I needed this 16 mm roughing cutter for a series of aluminium turned parts to get a starting hole big enough for the inside cutter. Now i have (i never officially learned that profession) learned on the hard way that in aluminium only really sharp tools are fun, even if the AlCuMgPb which is made for automated processing. After 70 holes that wasn't really true anymore. Normally, you'd give it to a sharpening service, but on the one hand it takes a few weeks, you have to collect some tools (otherwise it is with the postage more expensive than a new one) - but i needed it now. So i looked into it and saw that i could reach the egdes on a sharpening stone. I started carefully, i just needed a tiny bit off - and it worked. Normalerweise hätte man das Teil zum Schärfdienst gegeben, aber zum einen Mal dauert das ein paar Wochen, man muss sammeln (sonst ist das Nachschärfen mit Porto teurer als so ein Fräser) - ich brauchte das Teil aber jetzt. Also habe ich erst einmal festgestellt, dass ich auf dem Abziehstein an die Schneiden dran komme und dann vorsichtig losgelegt, es brauchte ja nur einen Hauch. For drills, it is even more easy, i grind them myself completely:

self-sharpened 10 mm drill

self-sharpend 10 mm drill

That is not even complicated, because you see on the angle of the cutting edges if you got it right. The important cut on main- and cross edge is straight, only for the free edge you need to rotate and lift the drill to make space.

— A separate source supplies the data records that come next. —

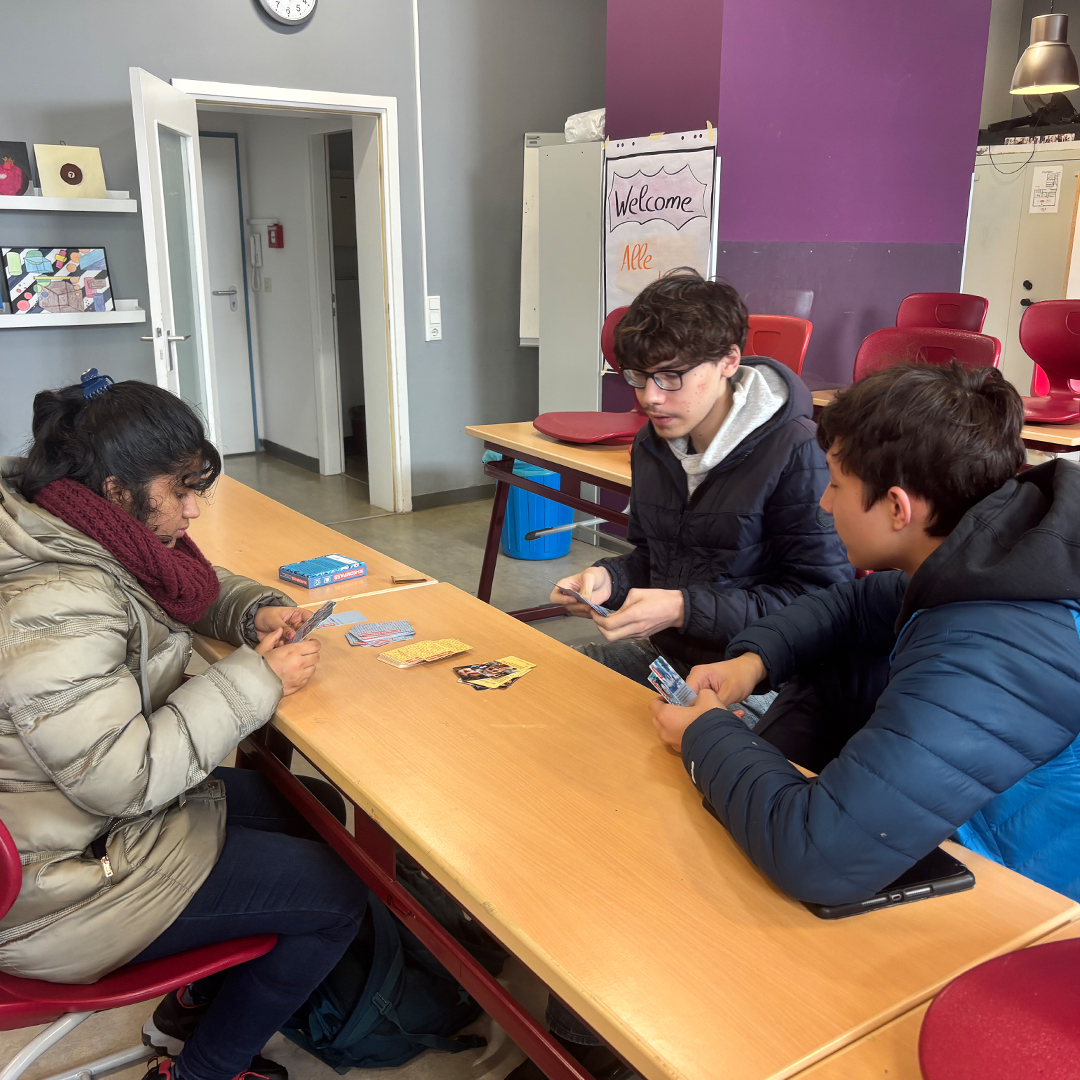In kleinen Gruppen übernahmen die Schüler der 11. Klasse spezifische KI-Kompetenzrollen. Zu jeder Rolle gehörten Stärken, Verantwortlichkeiten und eine klare Perspektive auf KI-Anwendungen. Auf dieser Basis bearbeiteten die Teams abwechslungsreiche Aufgaben aus Schule, Alltag und Gesellschaft: Wo kann KI konkret unterstützen – etwa bei Recherche, Strukturierung, Übersetzung oder Mustererkennung? Welche Aufgaben löst man besser ohne KI – zum Beispiel, wenn Urteilsvermögen, Empathie oder kreative Originalität im Vordergrund stehen? Und welche Risiken, Grenzen und Verantwortlichkeiten müssen beachtet werden, wenn es um Datenschutz, Verzerrungen oder Transparenz geht? Das Kartenspiel des Alexander von Humboldt Instituts für Internet und Gesellschaft bot dafür den idealen Rahmen: Es lädt zum Diskutieren, Entscheiden und Reflektieren über den sinnvollen Einsatz von KI ein.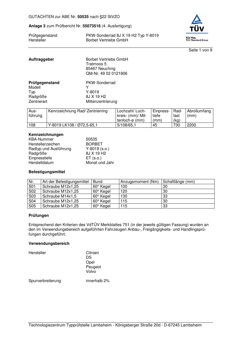 Dieses Gutachten (abe) bezieht sich auf die Alufelge Borbet Y-8019 in der Ausführung 8Jx19 ET 0, Mittenloch 0 mm (KBA 50535). Im PDF findest du typischerweise zulässige Reifengrößen, Auflagen/Anbauhinweise und – je nach Dokument – Hinweise zur Eintragung.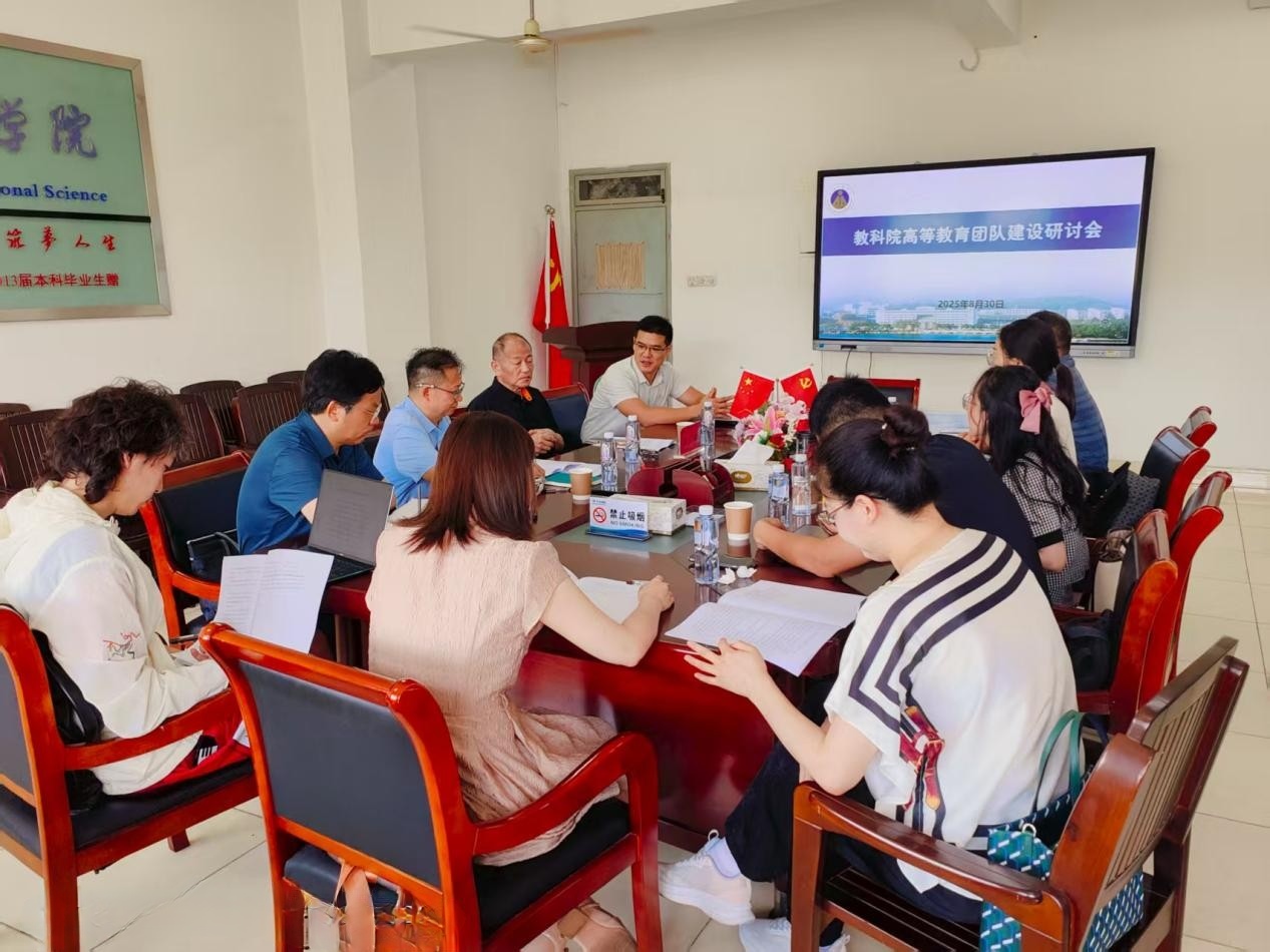 2025年8月30日,教育科学学院在308会议室成功举办高等教育团队建设研讨会。会议由徐红教授主持,特邀《江苏高教》主编沈广斌教授出席, 教科院吴文涛院长、李子华教授、周元宽教授以及肖龙、陈晨、江珊、吴颖等青年教师共同参加。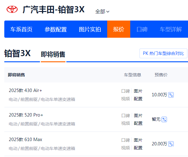 根据不同配置版本,铂智3X的预售价区间为10万至20万元,其中430 Air+版的预售价为10万元。

I don't know if that is typical for INTJs, but the story around this article is a showpiece for my line of doing something: basically, i just wanted to copy the articles from Facebook to here. But they were a little bit short and i thought i can write something more. Then I needed the sreenshot of the CAD for a better understanding and the pictures of the tools ... and on the way (look at the difference between the third and fourth picture) i found out how to make these macro pictures with a really white background:

setup for macro photography of tools

setup for macro photography of tools

Additionally to the ring flash (i used that one for the other pictures, too) i added a second flash, which only lights the sheet of paper and makes it white. The other information, because i'm into it: EF-S 60 mm f2.8 macro, Orbis ringflash on full power, second flash on 1/4, manual mode, 1/250s f16 and 30 cm distance on the lens. With a smaller distance, the depth of field is too small, even with that small aperture.

That said, it is a nice example for Introverted Intuition: To make something out of nothing. The way to do that is a little bit of puzzling, but the ideas pop into my mind sooner or later. Sadly, I'm distracted easily (perhaps i'm INTP in that way), but you learn something all the way and on all the side paths which you can use somewhere else.